Who is Pietro? That was the big question during this Malcolm in the Middle-themed episode. He appears to have lost his memories, so he could really be anyone. References to “demon spawn” also play into the theory that he is 2Mephisto, the Marvel Universe’s devil character. As the town prepares for Halloween, Wanda questions her magically reemerging brother while Vision, now aware that something is wrong, begins to investigate the town’s outer edges. He learns that those on the outskirts are trapped in their bodies, going through the motions of background characters day in and day out. We also find Agnes stuck on the edge, which was intended to disprove that she was actually Agatha Harkness, although we later learned it was a ruse. The end was pretty wild too, with Wanda rapidly expanding her hex walls in a moment that felt eerily similar to a particular House of M storyline.
2. “We Interrupt This Program”
Jumping away from the sitcom shenanigans, we get a bit of a catch-up on Monica Rambeau. She will play a significant role in the MCU moving forward, and Teyonah Parris is perfect for this grounded and resilient performance. I loved seeing more of the fallout from the Blip. I feel like we generally haven’t gotten enough of the aftermath from Infinity War/Endgame, and I am all here for more of it.

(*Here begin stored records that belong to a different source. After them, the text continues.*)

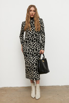 Платье полуприлегающего силуэта, выполненное из плательной поливискозы, длиной 'мидакси". Платье отрезное по линии талии, с центральной застёжкой на петли и пуговицы. Верхняя часть переда платья с фигурной V-образной горловиной, оформленной воротником рубашечного типа. Верхняя часть платья с нагрудными и талиевыми выточками. Нижняя часть переда платья с талиевыми вытачками и со средним швом, внизу которого обработан разрез. Спинка цельнокроеная с талиевыми вытачками. В боковом шве обработана потайная молния в области талии, в области бедер обработаны карманы. Рукав втачной, с цельнокроеной манжетой, длиной 3/4. В комплект к платью входит контрастный ремень с декоративной пряжкой.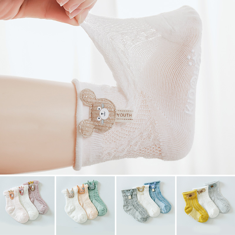 Kaus kaki jala bernafas bayi, sarung ceker setengah betis anti slip lantai aksesoris kartun musim panas dan semi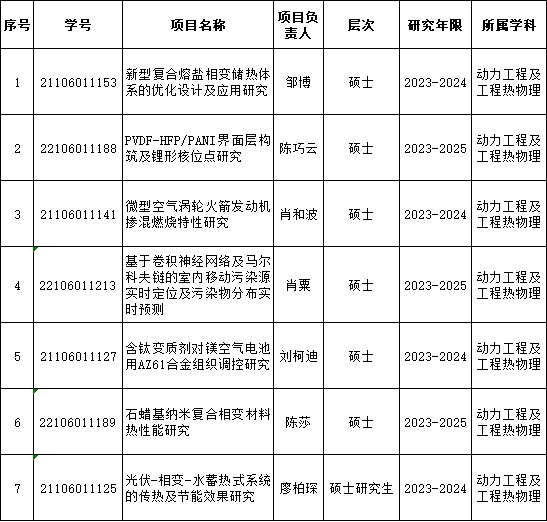关于公布能源与动力工程学院“2023年度校级、省级研究生科研创新项目申报”评选结果的通知

Jimmy Woo also becomes an even better character here, and I am hoping for an Agents of Atlas series after this. Who is Monica’s contact? That’s what we all wanted to know for the next few episodes. It appears to have just been an engineer she knew, but I am still holding out hope to see Reed Richards played by John Krasinski. Why else would Kevin Feige reference an Office-themed episode and have Vision do Jim’s signature look?

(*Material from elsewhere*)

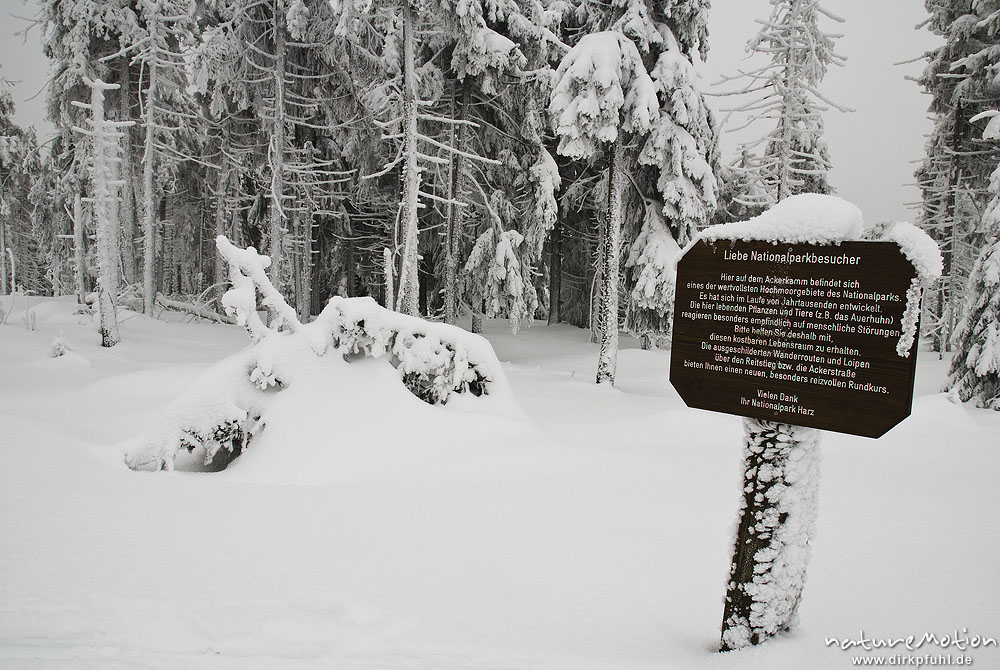 tief verschneiter Fichtenwald, vereiste Fichten, Schild Nationalpark, Stieglitzeck, Harz, Deutschland

1. “On a Very Special Episode…”
Okay, let’s start with the obvious. The biggest “oh my gosh” moment in the entire series came at the end of this episode when the Fox X-Men Universe Pietro Maximoff shows up at Wanda’s door in the biggest recasting since Vivian Banks on The Fresh Prince of Bel-Air. Obviously, this one led to lots of theories. Is Wanda (or someone else) opening up the multiverse? Are the X-Men coming sooner than we thought? Is Pietro Mephisto in disguise? At this point, most of these theories seem to have been disproven by Agatha’s big reveal, but with one episode left, you never know. But there was a lot more to this episode than the final minute. Wanda and Vision’s growing intensity gives us a lot to chew on and helps develop their great dynamic. It was also fascinating to watch Vision begin to see the cracks in his perfect sitcom life.